The 4 door version of this was my first experience with a Japanese car. My best friend’s father bought one around 1967. He had previously always driven Impalas and then this shows up. I just remember being surprised by it. Thinking back I now wonder if all the Chevys were company cars and not really his style. My friend’s mother drove a Morris Minor which was a bit unusual. A few years later several of my friends bought Corollas but this was the first Japanese car owned by anyone I knew.
I remember rebuilding an engine on a friend’s sedan in the early 70’s. It was utterly conventional, and if you didn’t know it, you’d swear that the mechanicals were just 2/3rds of a mid 60’s Chevy II – right down to the 3 speed column shift and drum brakes. The difference was that it didn’t feel cheap like an American penalty box. It wasn’t a sporting drive, but it was reliable and non-fussy. It also seemed like these had room for real people as well.

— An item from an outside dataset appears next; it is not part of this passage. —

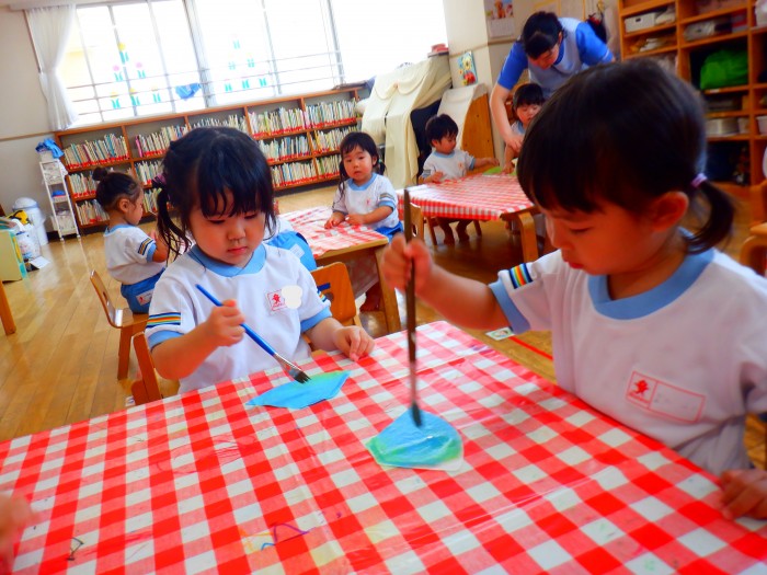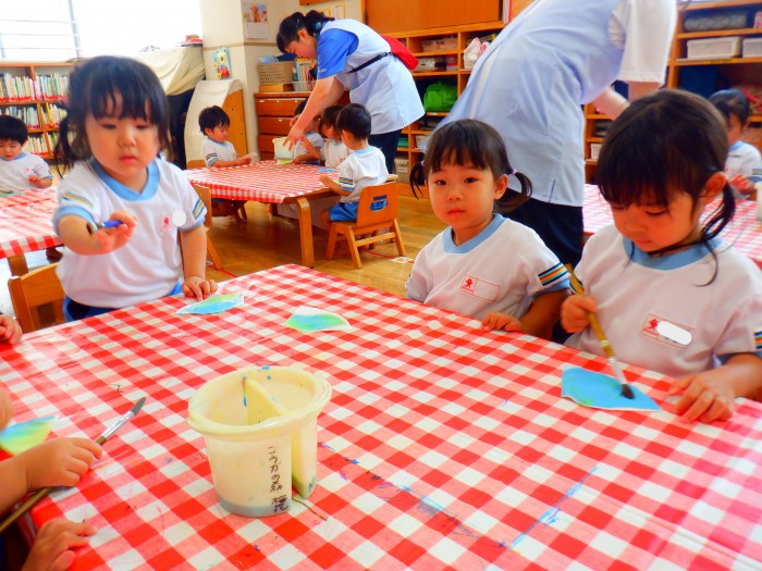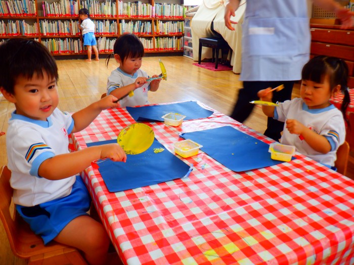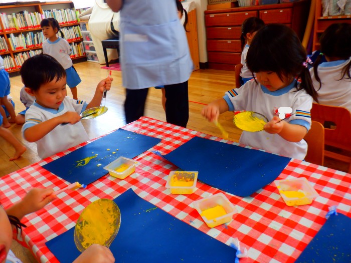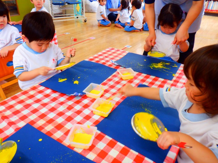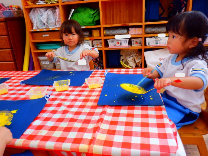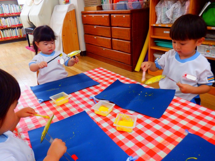ブラッシングで画用紙に星を描きました。シャカシャカすると模様がつく様子に興味津々で嬉しそうでした⭐️

These were the Camry’s of their time and were an exception to the “weird furrin’ cars” from VW, Renault and Fiat.
The first line talks about Toyota pushing towards 4th place in the US import market, so at the time they would have been 5th. With VW 1st, who was 2-4?

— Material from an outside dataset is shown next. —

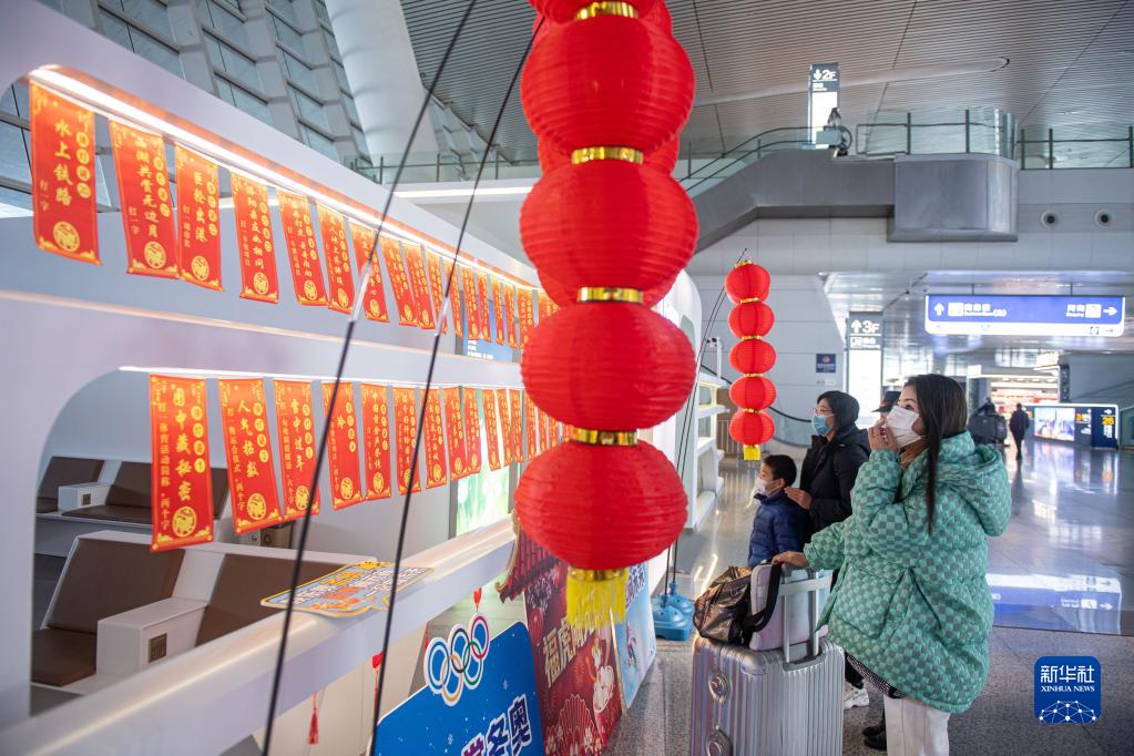 2月14日,旅客們在杭州東站候車室內(nèi)猜燈謎。

I know Opel was #2. I will make a guess about #3 and #4: Renault and Datsun. But I might be wrong.
One of my best friends had a 1967 Corona sedan as a first car back in about 1993-94. I do remember the combination horn ring/turn signal switch, as well as the “tick-bzzzzt” sound the flasher made before commencing flashing the turn signals. Also remembered were the dual horns proudly labeled “Toyota Elephant Horn” on their outer shells… They made a typical American car “HONK” as opposed to the gimpy “meep” of cheezier sounding disc horns.
As stated in the article, the brakes were pretty meh, and somewhat prone to locking up when trying to haul the car down from speed. But the car’s weakest link was the Toyoglide 2 speed automatic, which had an old school PNDLR pattern on the column. The engine didn’t have quite enough beans to provide the poke expected by teenage boys, sometimes going from screaming in low gear to bogging after shifting to high. This sometimes led to manual downshifts in search of acceleration that was not there… on one memorable occasion, my friend was in the process of executing one of these downshifts at 45-50mph when he hit a hump in the road… the lever bypassed “L” and went into “R”, locking the rear wheels up and skidding us to a stop. The Corona met its fate on a trip to Seattle, as it was hunting between gears while climbing a steep grade. The engine threw a connecting rod through the block somewhere short of the summit, and the decision was made not to fix it.
Now that I’m a little more grown up and have mellowed a bit, I do wonder if said Corona would be more okay if not being hooned by 16 year old boys… The automatic still seems a bit dubious, but I think a 4 speed might not be too shabby.
The sedan version was very common when I was growing up near Vancouver in the 1960s and 70s, but I had no idea there was a coupe until I saw a photo some decades later – I can only imagine it wasn’t offered on the Canadian market.
I clearly remember the sedans, they sold a ton of them with very, very few left today, but the coupe? Aside from it looking like a bad Photoshop job, I just draw a blank.
Surely emasculated by the 2 speed auto, the performance numbers are awfully slow even by the era. Like VW Bug slow. 90HP gross is 75 net, but take another 10 off as Japanese cars are always a bit overrated and you have 65. But a fat torque number and to be fair they probably didn’t feel as slow driving as the numbers would indicate.